Bush welcomes NATO's new seven
WASHINGTON (CNN) -- U.S. President George W. Bush has formally welcomed the addition of seven new members to the NATO alliance during a ceremony Monday.
But the inclusion of former communist Bulgaria, Estonia, Latvia, Lithuania, Romania, Slovakia and Slovenia in the North Atlantic Treaty Organization is raising concerns in Moscow.
Bush said: "When NATO was founded the peoples of these seven nations were captives to an empire... They endured bitter tyranny and struggled for their independence.
"They earned their freedom with courage and perseverance, and today they stand with us as full and equal partners in this great alliance."
The 55-year-old alliance was originally set up by the West to counter the Soviet Union's military might during the Cold War.
NATO's expansion to the Baltic states of Latvia, Estonia and Lithuania has raised concerns in Russia. All three nations were Soviet republics and hosted Red Army troops barely 15 years ago.

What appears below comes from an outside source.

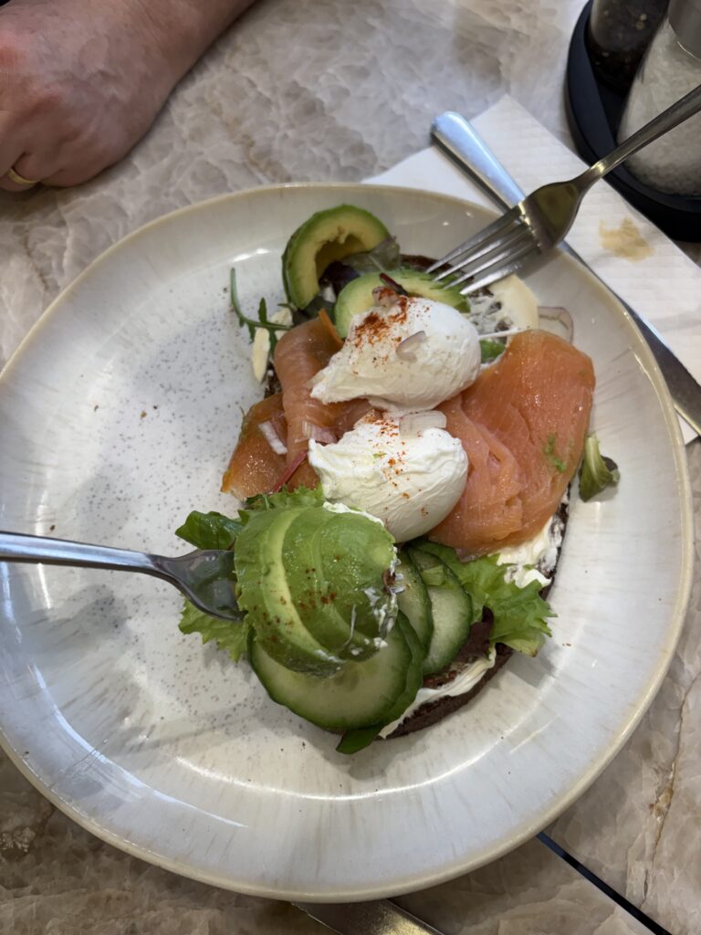 Sourdough toast topped with mashed avocado and smoked salmon.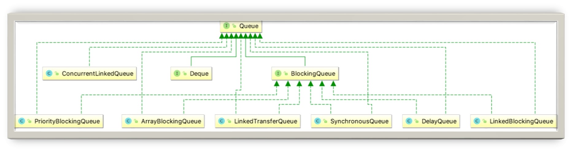 上图展示了 Queue 最主要的实现类,可以看出 Java 提供的线程安全的队列(也称为并发队列)分为 阻塞队列 和 非阻塞队列 两大类。

Russian Defense Minister Sergei Ivanov said in a magazine interview last week that Moscow might revise its defense policy unless the alliance revises its military doctrine.
And Konstantin Kosachyov, the head of the international affairs committee of Russia's parliament, told the Russian news agency Interfax on Monday that NATO "has recently been making steps that are unfriendly to Russia."
NATO has tried to convince Moscow the expansion is not directed at Russia, but NATO Secretary-General Jaap de Hoop Scheffer, who was at the White House for Monday's ceremony, told CNN much needed to be done to strengthen NATO-Russian ties.
"We need, in the interests of NATO and in the interests of Russia, a strong partnership, which means that we not only discuss the easy things but also the harder nuts to crack in that relationship," he said.
U.S. Secretary of State Colin Powell said Monday the threats that brought the allies together in 1949 have changed, but "no less ominous" dangers remain.
"We still live in a dangerous world, where our enemies seek not only the death of multitudes, but the death of liberty itself," Powell said.
"They will not succeed, for we stand united in the global war against terrorism -- war that compels the resistance of all free peoples, and must be won by free peoples, together, in an alliance."
NATO was established on April 4, 1949 by 12 nations: Belgium, Canada, Denmark, France, Iceland, Italy, Luxembourg, Netherlands, Norway, Portugal, United Kingdom and the United States. Three other one-time Warsaw Pact members -- Hungary, Poland and the Czech Republic -- joined NATO in 1999.